Enter the values of the two known variables in the text boxes
Leave the text box empty for the variable you want to solve for
Click on the calculate button.
The formula used for solving the question is
$H= \frac {u^2 sin^2 \theta}{2g}$
$R =\frac {u^2 sin 2 \theta}{g}$
Where $u$ is the velocity of launch
$\theta$ is the angle of launch
H and R is the Maximum Height and Range
Value of g is assumed at 10m/s2
Projectile Motion Calculator
What is Projectile Motion
Projectile motion is a form of motion in which an object or particle (called a projectile) is thrown with some initial velocity near the earth's surface, and it moves along a curved path under the action of gravity alone. Maximum Height is the Maximum height reached by projectile during the motion Range is horizontal distance covered by the projectile during the motion.
Maximum Height And Range is given by the below formula
$H= \frac {u^2 sin^2 \theta}{2g}$
$R =\frac {u^2 sin 2 \theta}{g}$
Where
H -> Maximum Height
R- > Range
u -> initial Velocity
$\theta$ -> Angle projected
g -> Accleration due to gravity
Example of Few questions where you can use this Projectile Motion calculator Question 1
A object is projected with velocity 2 m/s at an angle 45°.Find the Range and Maximum Height attained by the object in Projectile Motion Solution
Given u=2 m/s, $\theta = 45^0$, g=10 m/s, H =? , R=?
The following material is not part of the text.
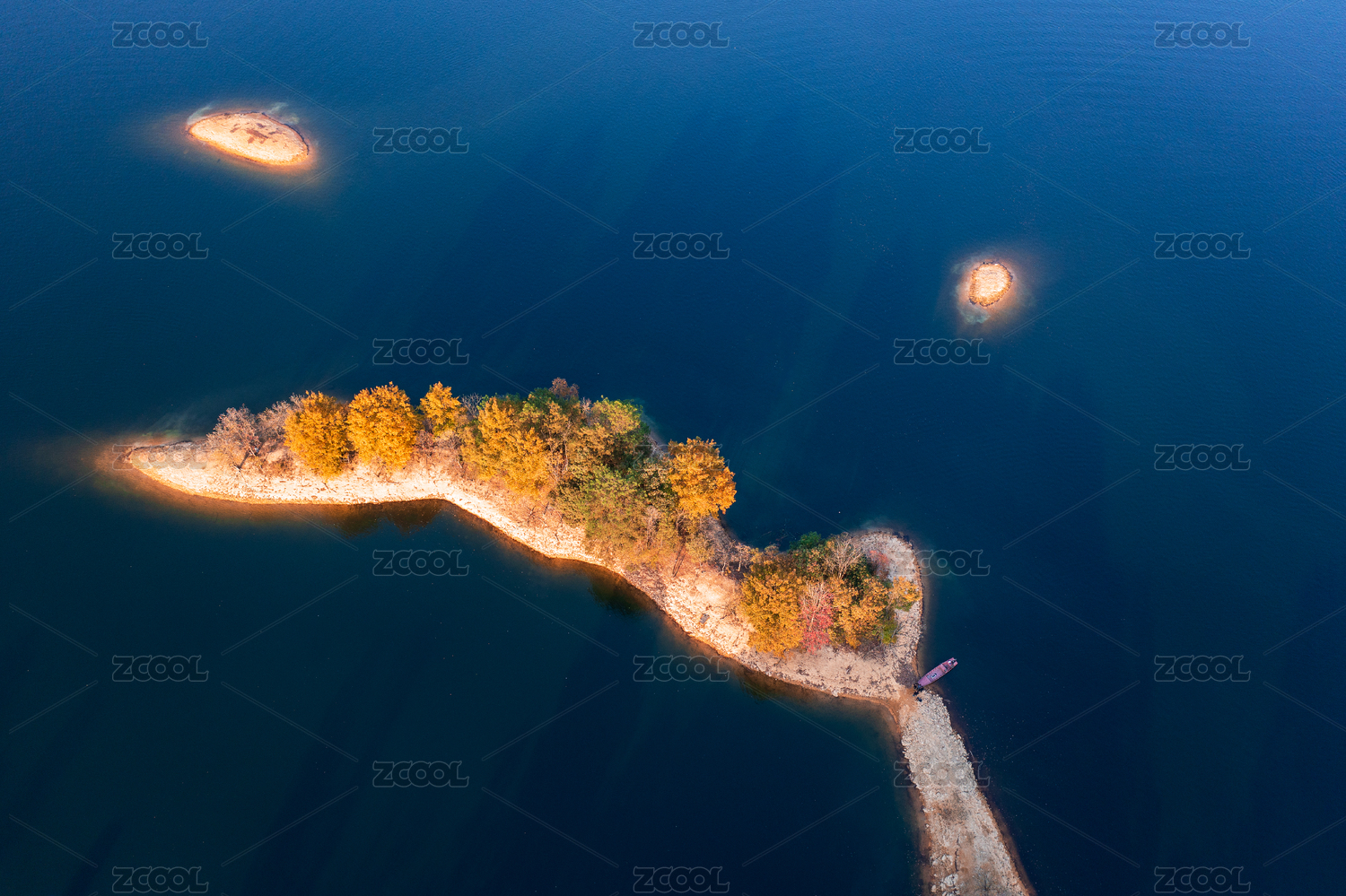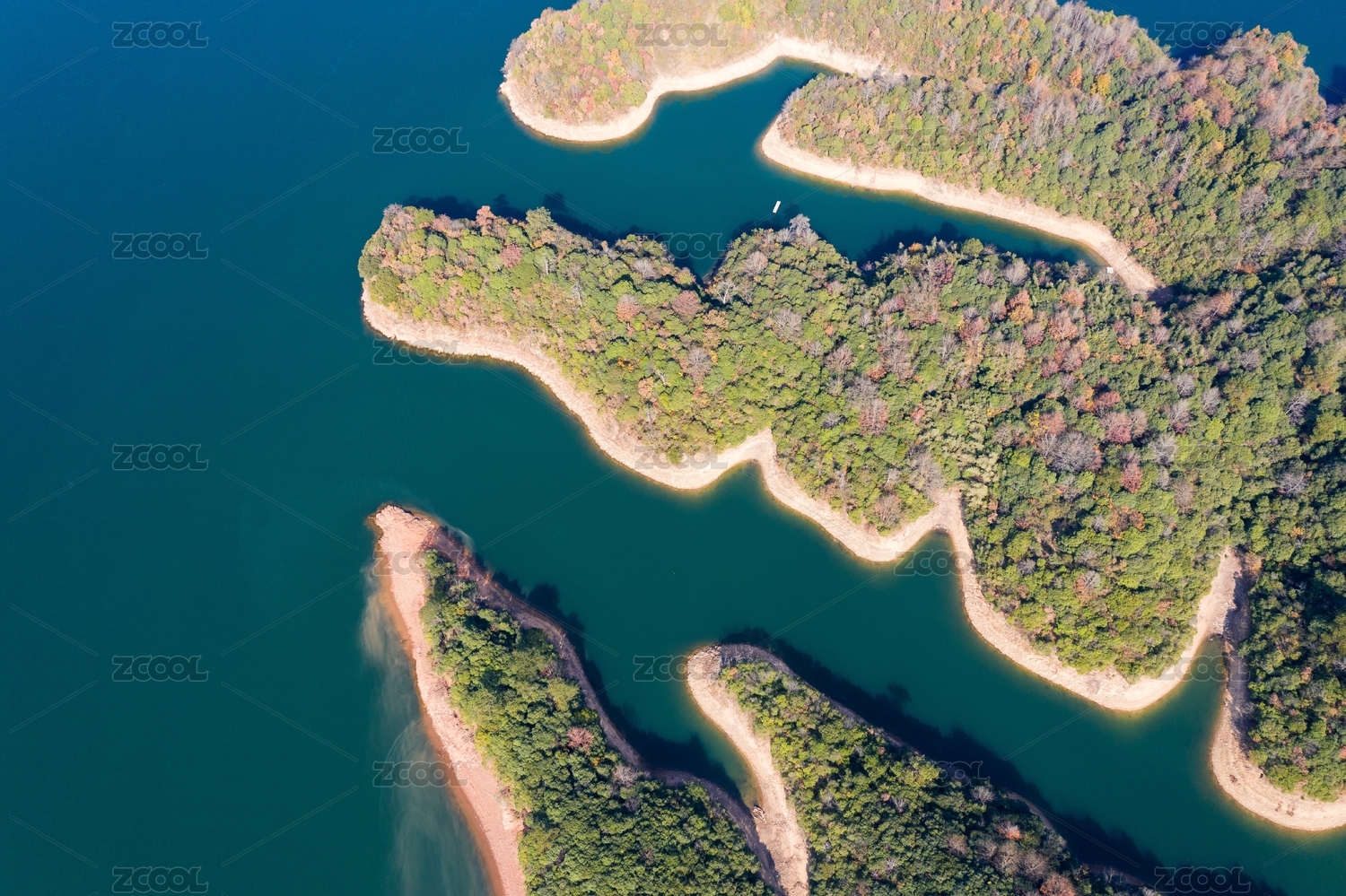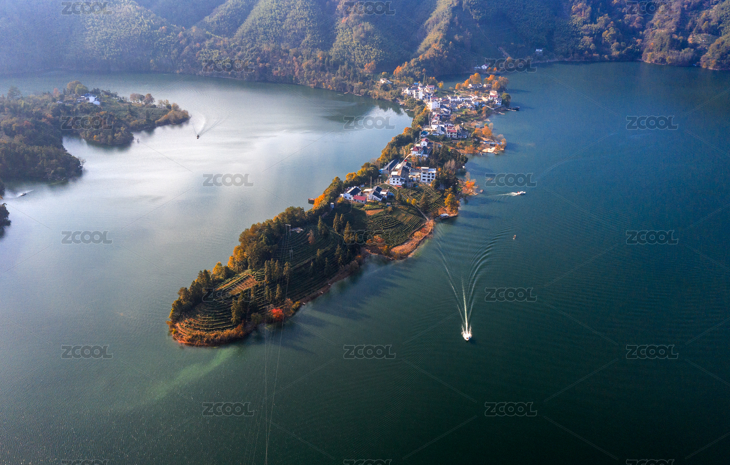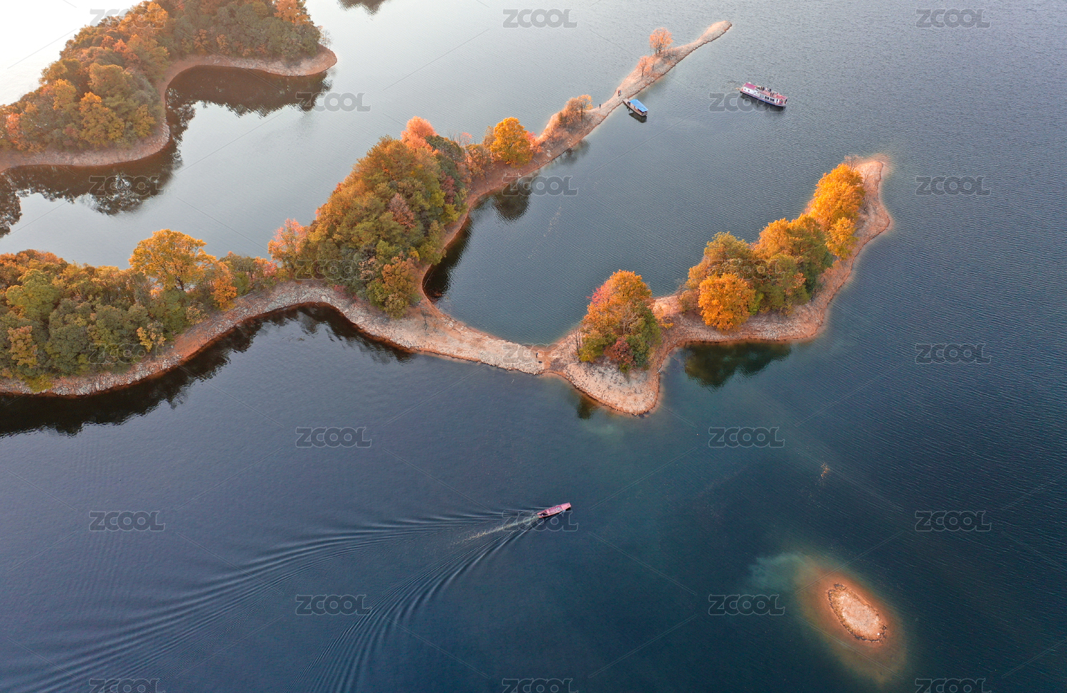 航拍中國(guó)安徽黃山太平湖秋色游船

Maximum Height And Range is given by the below formula
$H= \frac {u^2 sin^2 \theta}{2g} = \frac { 2^2 sin^2 45}{2 \times 10} = \frac {2}{20} = .1 \ m $
$R =\frac {u^2 sin 2 \theta}{g}= \frac { 2^2 sin 90}{10} = .4 \ m $
Question 2
if u =40 m/s and H=25 m , Find the angle and range of the Projectile? Solution
Given u=40 m/s, $\theta = ?$, g=10 m/s, H =25 m , R=?
Angle And Range is calculated as below ( $g=10 \ m/s^2$)
$\theta=sin^{-1} \sqrt {\frac {2gH}{u^2}}=sin^{-1} \sqrt {\frac {2 \times 10 \times 25}{40^2}}=33.98^0 $
$R =\frac {u^2 sin 2 \theta}{g}= 148.32 \ m $
How the Projectile Motion calculator works
1. If initial velocity and angle are given
Maximum Height And Range is calculated as below ( $g=10 \ m/s^2$)
$H= \frac {u^2 sin^2 \theta}{2g}$
$R =\frac {u^2 sin 2 \theta}{g}$
2. If initial velocity and Maximum height are given
Angle And Range is calculated as below ( $g=10 \ m/s^2$)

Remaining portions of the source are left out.